According to the EEOC, the interplay between the nondiscrimination principles of the ADA and employer-sponsored benefits such as health insurance and short and long term disability can be very complex. The EEOC has two publications that may help employers understand how the ADA applies to employer-sponsored benefits: Interim Enforcement Guidance On the Application of the Americans With Disabilities Act of 1990 to Disability-Based Distinctions In Employer Provided Health Insurance at http://www.eeoc.gov/policy/docs/health.html. Employee Benefits at http://www.eeoc.gov/policy/docs/benefits.html.

2. When employers offer long term disability insurance, can they condition the receipt of payments on termination of employment? Does this potentially violate the ADA's requirement that employers consider holding jobs for people who take leave as an accommodation (assuming the employee has a disability and plans to return to work at some point)?

Generally this practice does not violate the ADA. Long term disability is a benefit of employment that employers are free to offer or not. As such, employers set the parameters of the benefit. An employer might violate the ADA if the employer's purpose was to evade its obligations under the ADA, but that would be difficult to prove since the employer did not have to offer the benefit in the first place.

3. Can an employer terminate or reduce an individual's health insurance benefits because he or she is working fewer hours due to a disability?

Yes, according to the EEOC. The ADA does not prohibit the adoption of health insurance eligibility requirements that do not discriminate on the basis of disability, as long as such requirements are applied in the same manner to all employees. A requirement that employees work a certain number of hours to remain eligible for health insurance benefits does not discriminate on the basis of disability. It limits both individuals with and without disabilities. Thus, for example, an employee who works reduces hours for some other reason, such as attending school, would also be subject to a reduction or loss of health insurance benefits. From an EEOC informal guidance letter dated January 4, 1995.

B. Bonuses and Promotions If an employer bases bonuses or promotions on employee performance records and attendance, can the employer penalize an employee for work missed during leave taken as a reasonable accommodation?

No, according to the EEOC, to do so would be retaliation for the employee's use of a reasonable accommodation to which he/she is entitled under the law. Moreover, such punishment would make the leave an ineffective accommodation, thus making an employer liable for failing to provide a reasonable accommodation.

From Reasonable Accommodation and Undue Hardship under the ADA, question 19, at http://www.eeoc.gov/policy/docs/accommodation.html.

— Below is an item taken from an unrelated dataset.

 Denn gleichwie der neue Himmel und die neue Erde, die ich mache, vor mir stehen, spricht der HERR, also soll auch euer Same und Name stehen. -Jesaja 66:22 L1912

C. Reductions in Force and Layoffs

1. Does the ADA protect employees with disabilities from termination during a reduction in force or from being laid off when business is slow?

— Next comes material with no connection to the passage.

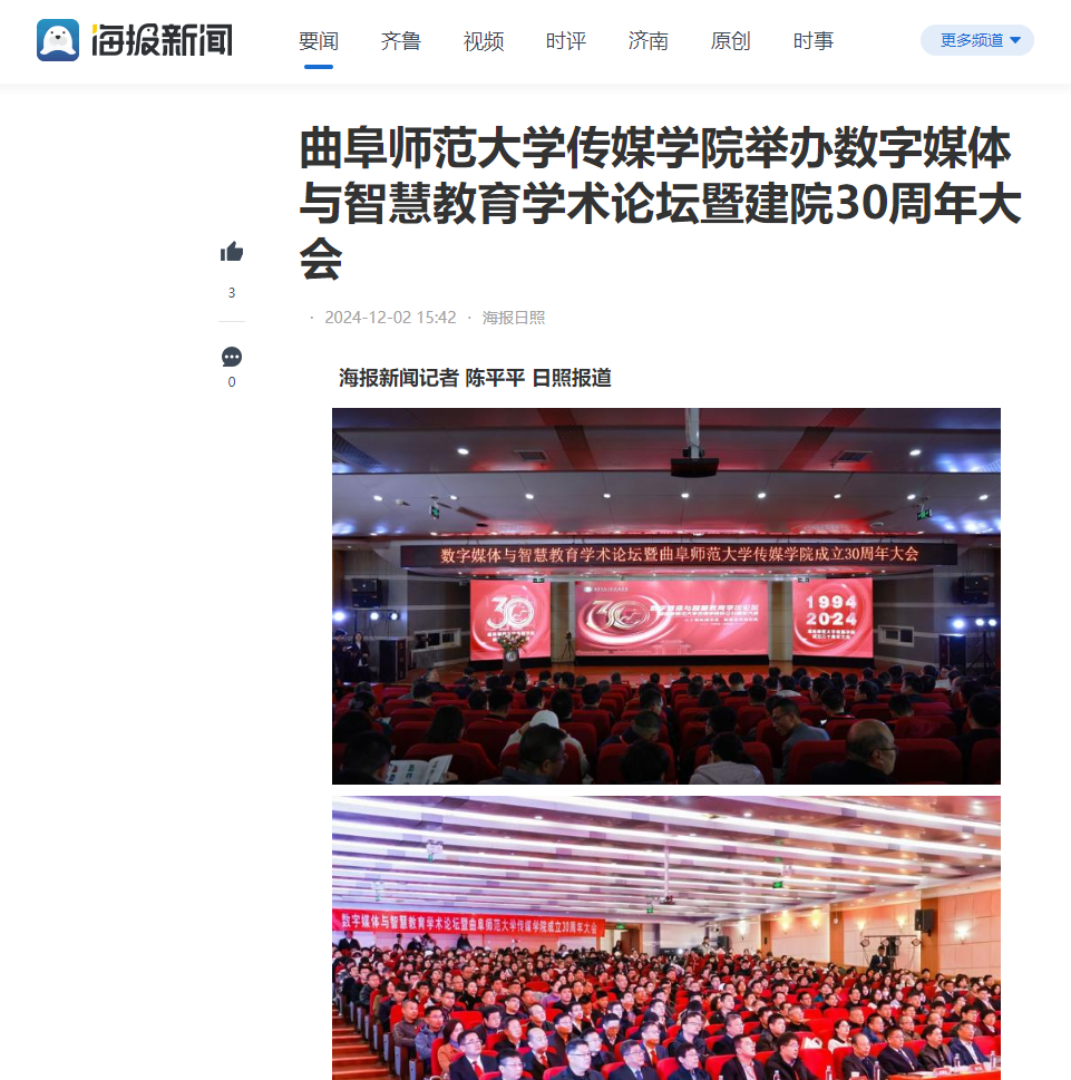 春秋迭易,岁月如歌,至此,华体会(中国)2024年“数字媒体与智能传播”学术论坛暨华体会(中国)传媒学院建院30周年大会圆满落幕。曲师传媒人将锐意进取、不懈奋斗,更有效地助力国家文化传播战略和文化强国建设谱写传媒新篇章。

Although the ADA protects individuals with disabilities against discrimination on the basis of disability, employees with disabilities are not protected against non-discriminatory layoffs. When deciding to terminate or layoff employees, employers need to make sure that their decisions are based on business needs, rather than on a desire to get rid of employees with disabilities. For example, employers can base their layoff decisions on such non-discriminatory criteria as productivity, seniority, or job category. However, if an employer bases its layoff decisions on productivity of employees, it cannot penalize employees for accommodations that were provided under the ADA. The EEOC gives the following example: Company X is having a reduction-in-force. The company decides that any employee who has missed more than four weeks in the past year will be terminated. An employee took five weeks of leave for treatment of his disability. The company cannot count those five weeks in determining whether to terminate this employee.

From Reasonable Accommodation and Undue Hardship under the ADA, question 19, at http://www.eeoc.gov/policy/docs/accommodation.html.

2. Are former employees covered by the ADA?

Former employees are protected by the ADA when they are subjected to discrimination arising from the former employment relationship. For example, an employer cannot release confidential medical information about a former employee.